Input data section start
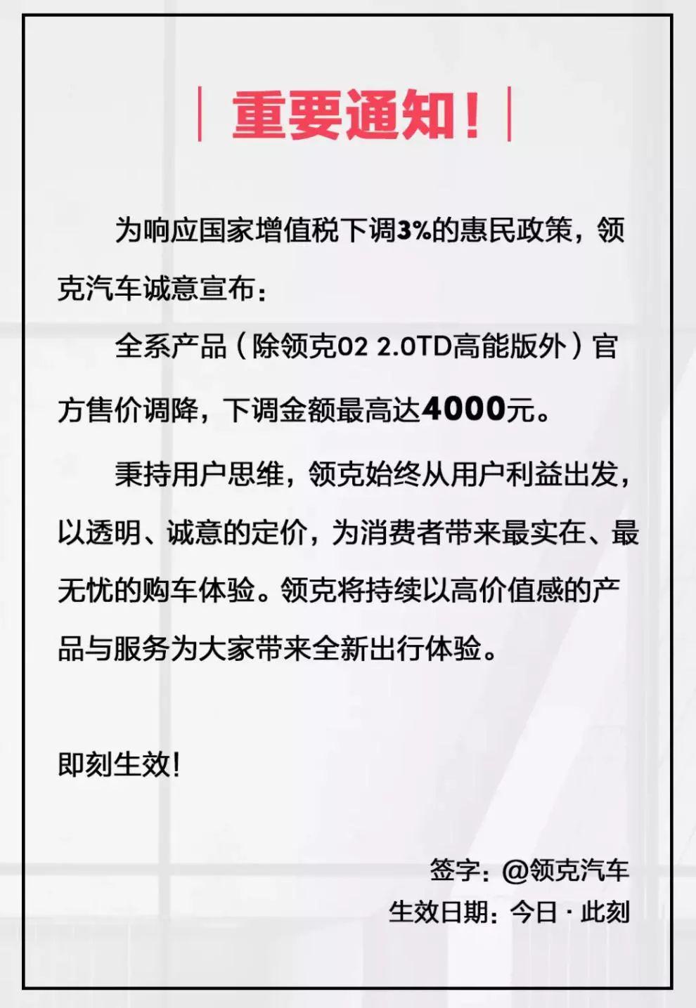 結(jié)語:毫無疑問,關(guān)于增值稅改革后的官降,汽車行業(yè)是反應(yīng)最快的行業(yè)。而降價對消費者來說,的確是件利大于弊的好事兒。但凡事總有兩面性。積極配合的背后,與其套路滿滿,到最后“人設(shè)崩塌”,倒不如像領(lǐng)克一樣,踏踏實實的從一開始就一步到位,你說呢?
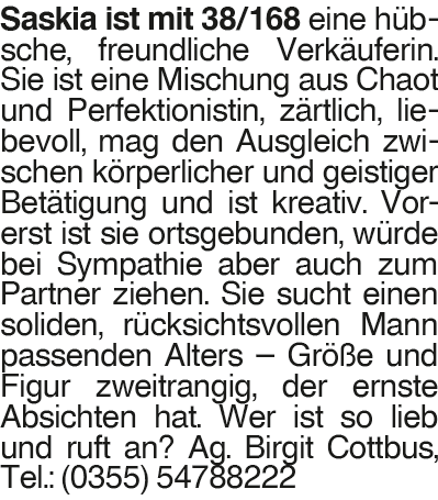 Saskia Saskia ist mit 38/168 eine hübsche, freundliche Verkäuferin. Sie ist eine Mischung aus Chaot und Perfektionistin, zärtlich, liebevoll, mag den Ausgleich zwischen körperlicher und geistiger Betätigung und ist kreativ. Vorerst ist sie ortsgebunden, würde bei Sympathie aber auch zum Partner ziehen. Sie sucht einen soliden, rücksichtsvollen Mann passenden Alters # Größe und Figur zweitrangig, der ernste Absichten hat. Wer ist so lieb und ruft an? Ag. Birgit Cottbus, Tel.: (0355) 54788222Das könnte Sie auch interessieren
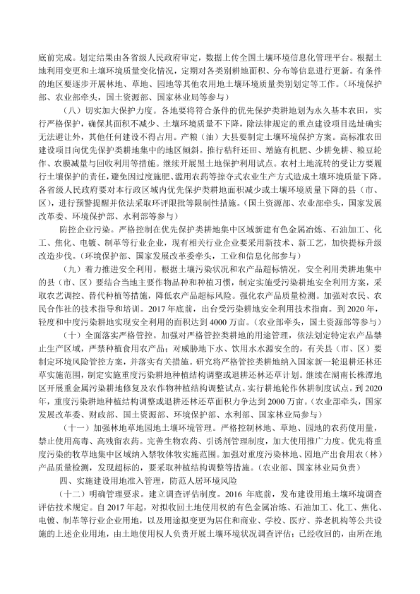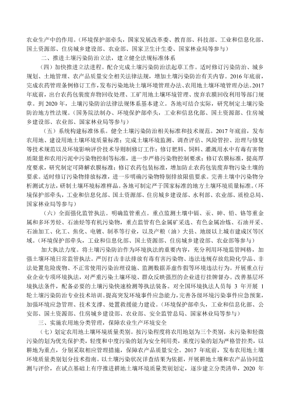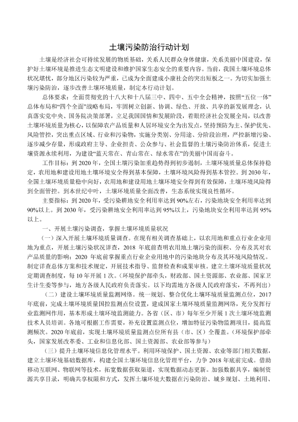 各省、自治区、直辖市人民政府,国务院各部委、各直属机构: 现将《土壤污染防治行动计划》印发给你们,请认真贯彻执行。 国务院 2016年5月28日 (此件公开发布)
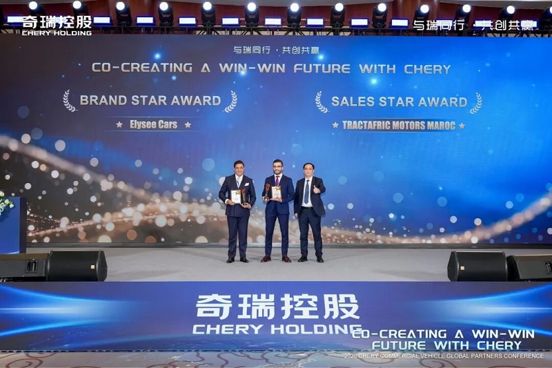 同心而行,不以山海为远。大会还隆重举行了2025年度优秀经销商颁奖典礼,设立“市场突破”“品牌之星”“销售之星”“优秀经销商”“特殊贡献”等多项荣誉,向过去一年为奇瑞商用车海外表现注入蓬勃动能的杰出伙伴致敬。一座座奖杯镌刻着拼搏足迹,更传递出奇瑞商用车与全球伙伴共担风雨、共享荣光的坚定承诺,进一步彰显“与瑞同行 共创共赢”的大会主题合作理念。
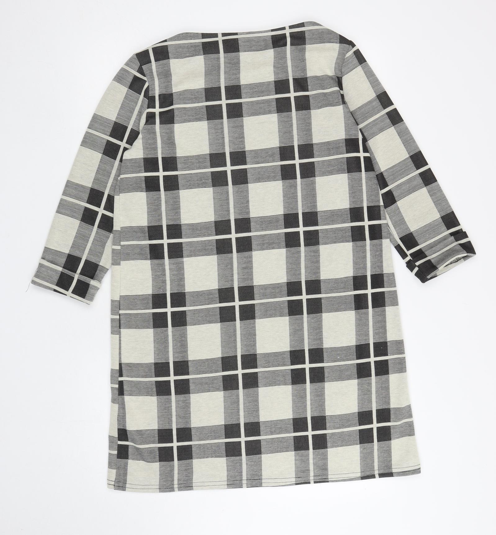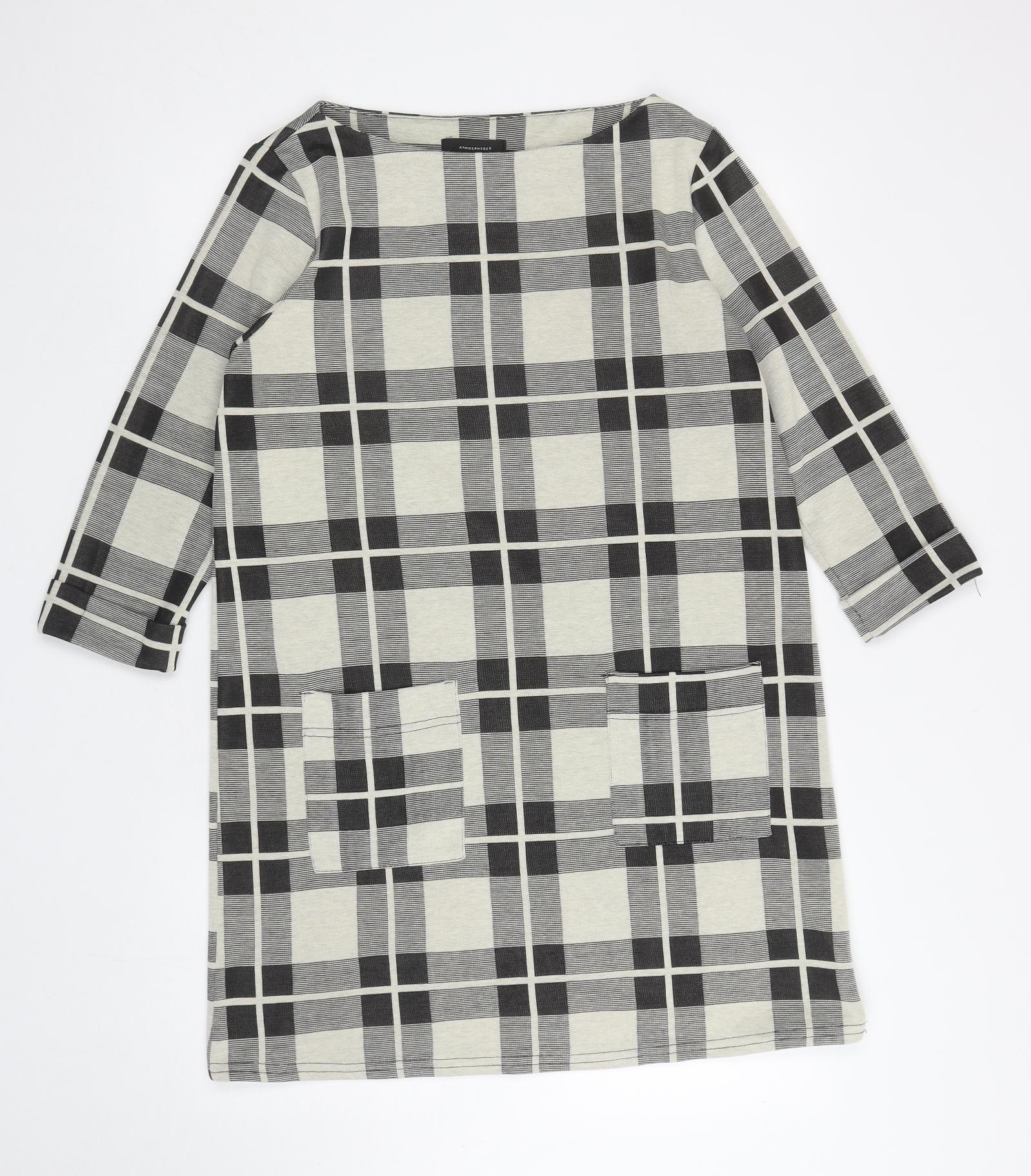 Atmosphere Womens Black Plaid Polyester A-Line Size 14 Boat Neck Pullover
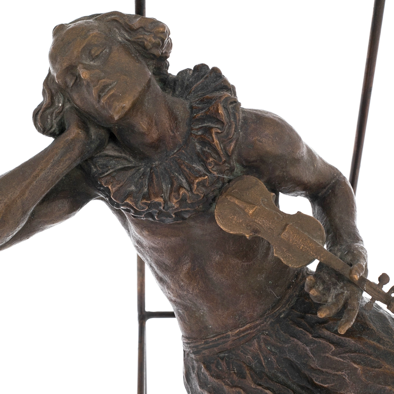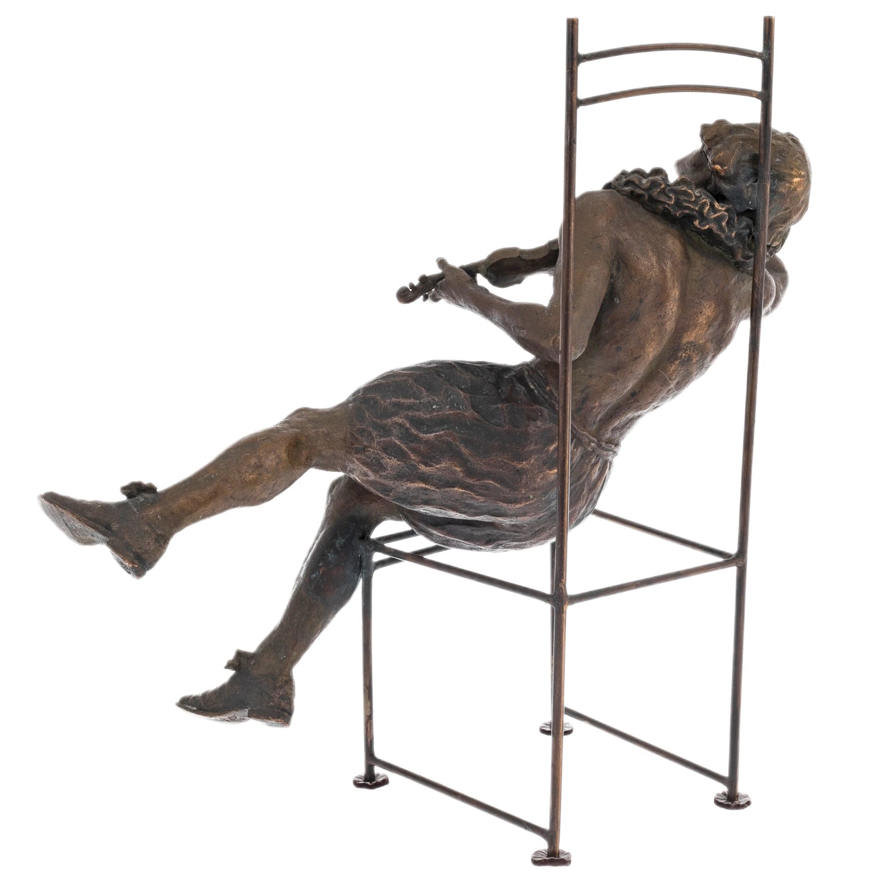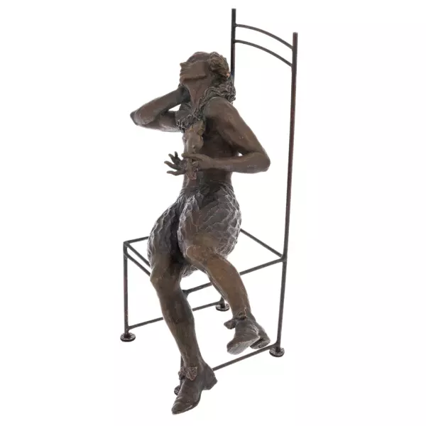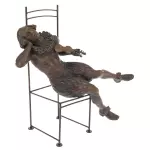 Работа отличается тонкой проработкой анатомии и деталей: фактура ткани, плавные линии тела, лёгкая небрежность позы переданы с точностью и художественным чувством. Контраст между строгой геометрией металлического каркаса стула и живой, текучей пластикой фигуры усиливает выразительность композиции. Бронзовая поверхность с благородной патиной придаёт глубину образу и подчёркивает игру света на рельефах, делая каждую деталь читаемой и выразительной.
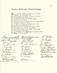 | Keywords: Goldenes Buch zum 70. Geburtstag August Bebel 1910 Seite 049.jpg Goldenes Buch zum 70 Geburtstag August Bebel 1910 Seite_ jpg 048 050 Glückwunschschreiben zum 70 Geburtstag von August Bebel SPD-Landesorganisation Hamburg August Bebel zum siebzigsten Geburtstag 22 Februar 1910 / mit einer Nachbemerkung von Ursula Herrmann Reprint des Unikats aus dem Zentralen Parteiarchiv der SED Dietz Verlag Berlin 1989 Lizenzausgabe Saur 1989 ISBN 3-598-07256-2 self scanned from own book 1910 Diverse Goldenes Buch zum 70 Geburtstag August Bebel 1910 PD-old-70-1923 |
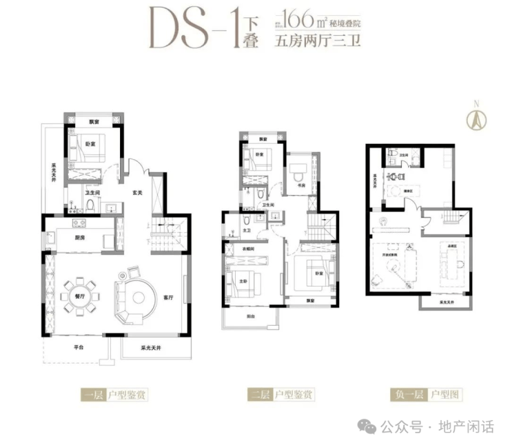 约166平五房下叠,一层为餐客厅搭配老人房,二层为三卧室+书房,功能区分错落有序;
Input data section end
* Task brief
Print all of the data exactly, and do not carry over any pictures.

* Finished task
 結(jié)語:毫無疑問,關(guān)于增值稅改革后的官降,汽車行業(yè)是反應(yīng)最快的行業(yè)。而降價對消費者來說,的確是件利大于弊的好事兒。但凡事總有兩面性。積極配合的背后,與其套路滿滿,到最后“人設(shè)崩塌”,倒不如像領(lǐng)克一樣,踏踏實實的從一開始就一步到位,你說呢?
 Saskia Saskia ist mit 38/168 eine hübsche, freundliche Verkäuferin. Sie ist eine Mischung aus Chaot und Perfektionistin, zärtlich, liebevoll, mag den Ausgleich zwischen körperlicher und geistiger Betätigung und ist kreativ. Vorerst ist sie ortsgebunden, würde bei Sympathie aber auch zum Partner ziehen. Sie sucht einen soliden, rücksichtsvollen Mann passenden Alters # Größe und Figur zweitrangig, der ernste Absichten hat. Wer ist so lieb und ruft an? Ag. Birgit Cottbus, Tel.: (0355) 54788222Das könnte Sie auch interessieren
 各省、自治区、直辖市人民政府,国务院各部委、各直属机构: 现将《土壤污染防治行动计划》印发给你们,请认真贯彻执行。 国务院 2016年5月28日 (此件公开发布)
 同心而行,不以山海为远。大会还隆重举行了2025年度优秀经销商颁奖典礼,设立“市场突破”“品牌之星”“销售之星”“优秀经销商”“特殊贡献”等多项荣誉,向过去一年为奇瑞商用车海外表现注入蓬勃动能的杰出伙伴致敬。一座座奖杯镌刻着拼搏足迹,更传递出奇瑞商用车与全球伙伴共担风雨、共享荣光的坚定承诺,进一步彰显“与瑞同行 共创共赢”的大会主题合作理念。
 Atmosphere Womens Black Plaid Polyester A-Line Size 14 Boat Neck Pullover
 Работа отличается тонкой проработкой анатомии и деталей: фактура ткани, плавные линии тела, лёгкая небрежность позы переданы с точностью и художественным чувством. Контраст между строгой геометрией металлического каркаса стула и живой, текучей пластикой фигуры усиливает выразительность композиции. Бронзовая поверхность с благородной патиной придаёт глубину образу и подчёркивает игру света на рельефах, делая каждую деталь читаемой и выразительной.
 | Keywords: Goldenes Buch zum 70. Geburtstag August Bebel 1910 Seite 049.jpg Goldenes Buch zum 70 Geburtstag August Bebel 1910 Seite_ jpg 048 050 Glückwunschschreiben zum 70 Geburtstag von August Bebel SPD-Landesorganisation Hamburg August Bebel zum siebzigsten Geburtstag 22 Februar 1910 / mit einer Nachbemerkung von Ursula Herrmann Reprint des Unikats aus dem Zentralen Parteiarchiv der SED Dietz Verlag Berlin 1989 Lizenzausgabe Saur 1989 ISBN 3-598-07256-2 self scanned from own book 1910 Diverse Goldenes Buch zum 70 Geburtstag August Bebel 1910 PD-old-70-1923 |
 约166平五房下叠,一层为餐客厅搭配老人房,二层为三卧室+书房,功能区分错落有序;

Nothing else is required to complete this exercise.